A question that breeders may be able to help me with.

How many cockapoo's do you usually have in your litters? We've chosen a choccie boy and he's from a litter of 11. I was so shocked by the amount of puppies the lovely cocker had given birth to. All are the same size and look very healthy (only 3 weeks old currently). 

My family dog was a westie and he came from a litter of 3. My hubby had king charles spaniels from a litter of 4. So 11 seems huge. 

Is this usual? And being from a big litter, is our boy likely to be on the smaller side?

Not at all an issue, just a wondering!

Many thanks


----------



## Turi

I'm not a breeder but 11 puppies does sound extraordinarily large! Saffi was one of four. 

Jukee Doodles would be a good member to answer this...


----------



## RubyCockapoo

Ruby was one of 9 , Pepper was one of 6

Ian


----------



## Woo

My puppy is from a litter of 5.


----------



## Janev1000

Honey is from a litter of 7 but I'm sure in a past photo her mother had 9 last time. Biscuit is from a litter of 9, although two died either before or just after the birth.


----------



## S.Claire

I think Nacho was from a litter of 7 or 9. I can't quite remember but it was definitely at least 7.


----------



## Duckdog

Binky was one of 8


----------



## mairi1

Molly was one of 6 x


----------



## Skyesdog

Lola was one of 6 too. Two goldens, three blacks and a blue roan! I was surprised by the mix of colours!!


----------



## baking mama

Freddy was one of 10! His mum had large litters, I think her previous were 9 and another 10. All the pups looked about the same to us, but the breeder picked out the largest two boys she had and we chose one of those


----------



## Sarette

My Max was from a litter of 10 (although there were 11 born but one didn't make it sadly) and started off as one of the smallest. He is now average sized  There's a couple of photos of him and Izzy which Ali posted on another thread about sizes. He started off much smaller than her, but is now slightly bigger!
Sarah xx


----------



## MillieDog

Millie was one of 8


----------



## Nanci

Sami and Carley were from litters of 7


----------



## Scout001

Scout was one of a litter of five, mum was a poodle - I wonder if it makes a difference to litter size if the mum is a poodle or a cocker?


----------



## Florida Cockapoo

The breeder we are getting our pup from she had 5 pups. The breeder said this was average for this mom. 

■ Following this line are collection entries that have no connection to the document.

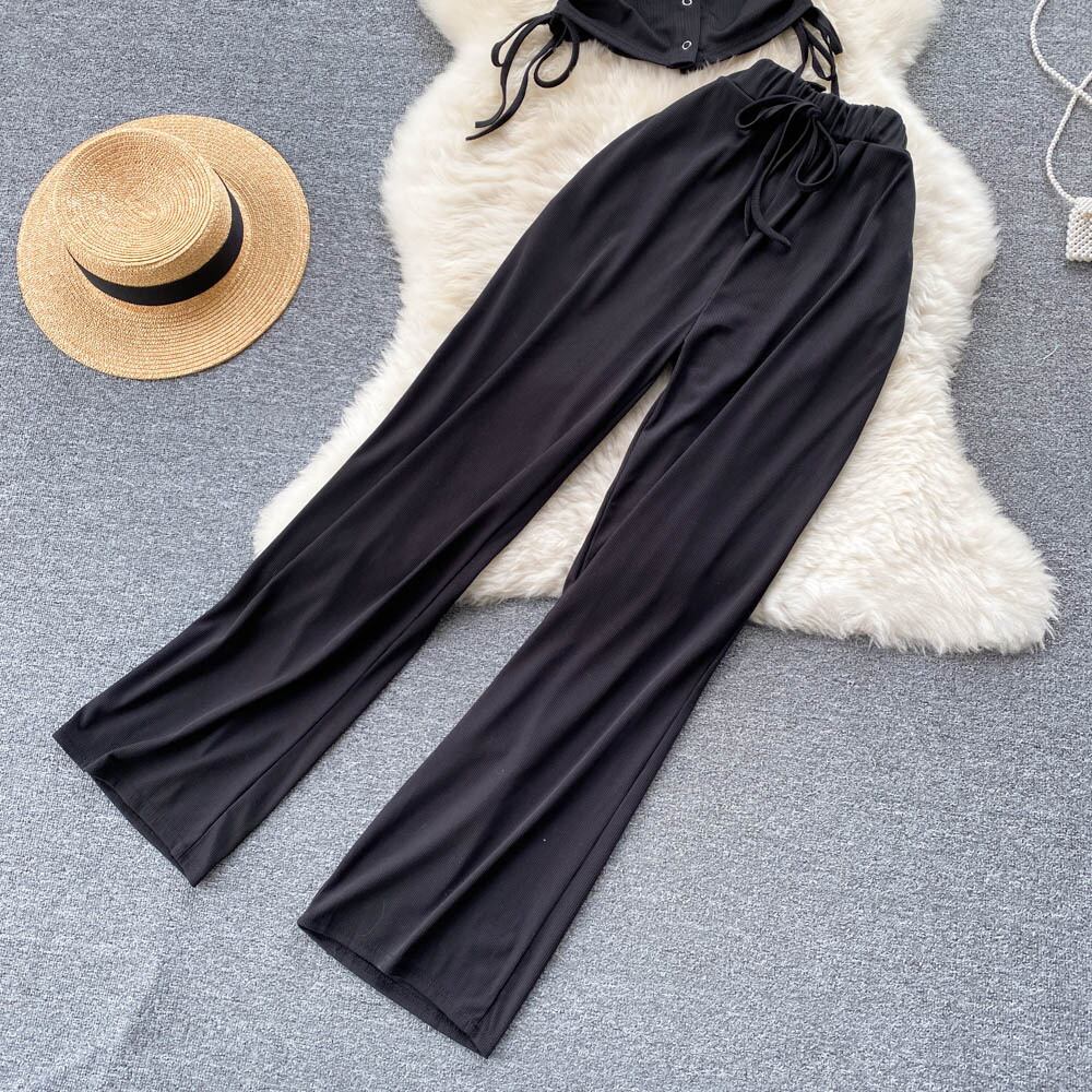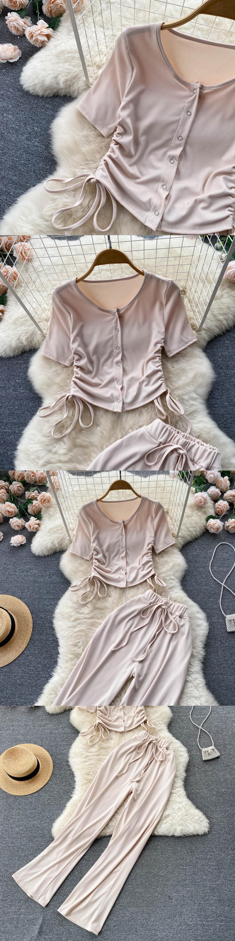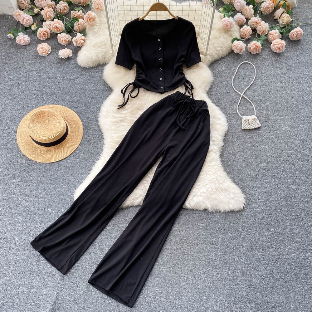 優しいスタイルのファッションスーツ女性の夏のプリーツレースショートトップ+ハイウエストドレープカジュアルパンツツーピースセット ハイウェスト サマー 夏物 lyxaj66578885916
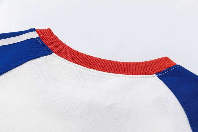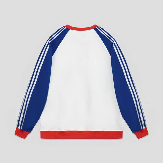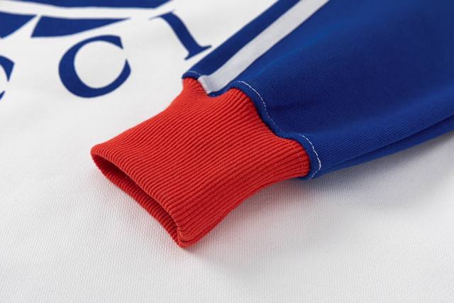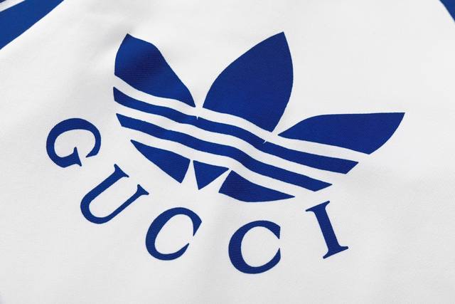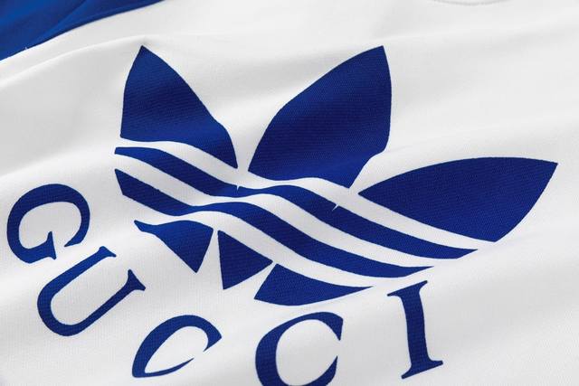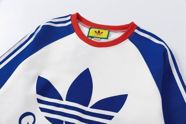 833G Unisex Style - Loose European Edition 460g High-Quality Precision Double-Strand Crewneck Sweater Limited Edition New Counter Exclusive Limited Edition Joint Series Gg Letter Interwoven Pattern Cleverly Paired with White Three Stripes and Trefoil Logo Contrast Technology - Color White and Blue - Sizes Xs-L-
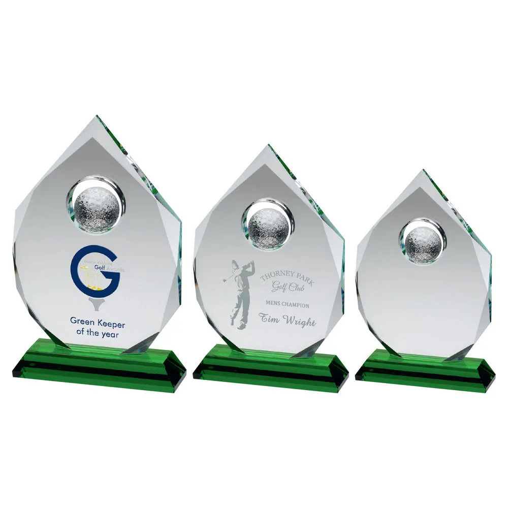 CLEAR GLASS DIAMOND WITH GOLF BALL ON GREEN BASE (15mm THICK)
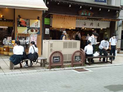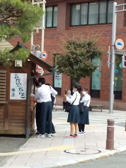 街かどグルメも散策のひとつの楽しみです。店の前で行儀よく「いただきます」
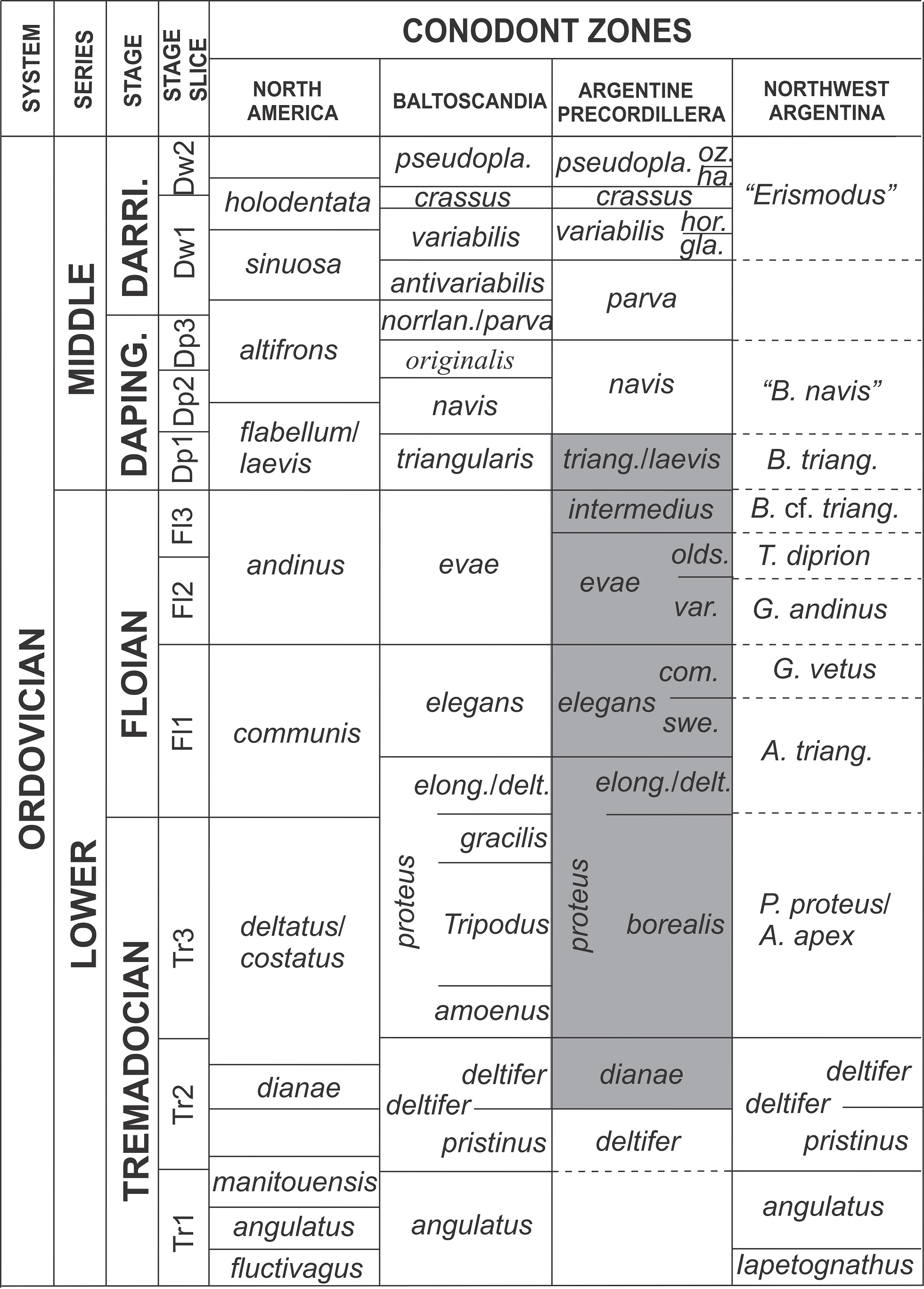 FIG. 3. Chronostratigraphic scheme of the Tremadocian-Darriwilian stages (Lower-Middle Ordovician), with conodont zones of North America, the Baltoscandian region, the Precordillera and Northwest Argentina (modified from Albanesi and Ortega, 2016). In gray the time span considered in this work.

She said it has to do how big the mom is. Also the past litters the mom had.


----------



## Florida Cockapoo

PS The mom is a Cocker.


----------



## KRC

MrsS said:


> A question that breeders may be able to help me with.
> 
> How many cockapoo's do you usually have in your litters? We've chosen a choccie boy and he's from a litter of 11. I was so shocked by the amount of puppies the lovely cocker had given birth to. All are the same size and look very healthy (only 3 weeks old currently).
> 
> My family dog was a westie and he came from a litter of 3. My hubby had king charles spaniels from a litter of 4. So 11 seems huge.
> 
> Is this usual? And being from a big litter, is our boy likely to be on the smaller side?
> 
> Not at all an issue, just a wondering!
> 
> Many thanks


Hi I have litter of 11 and all doing well


----------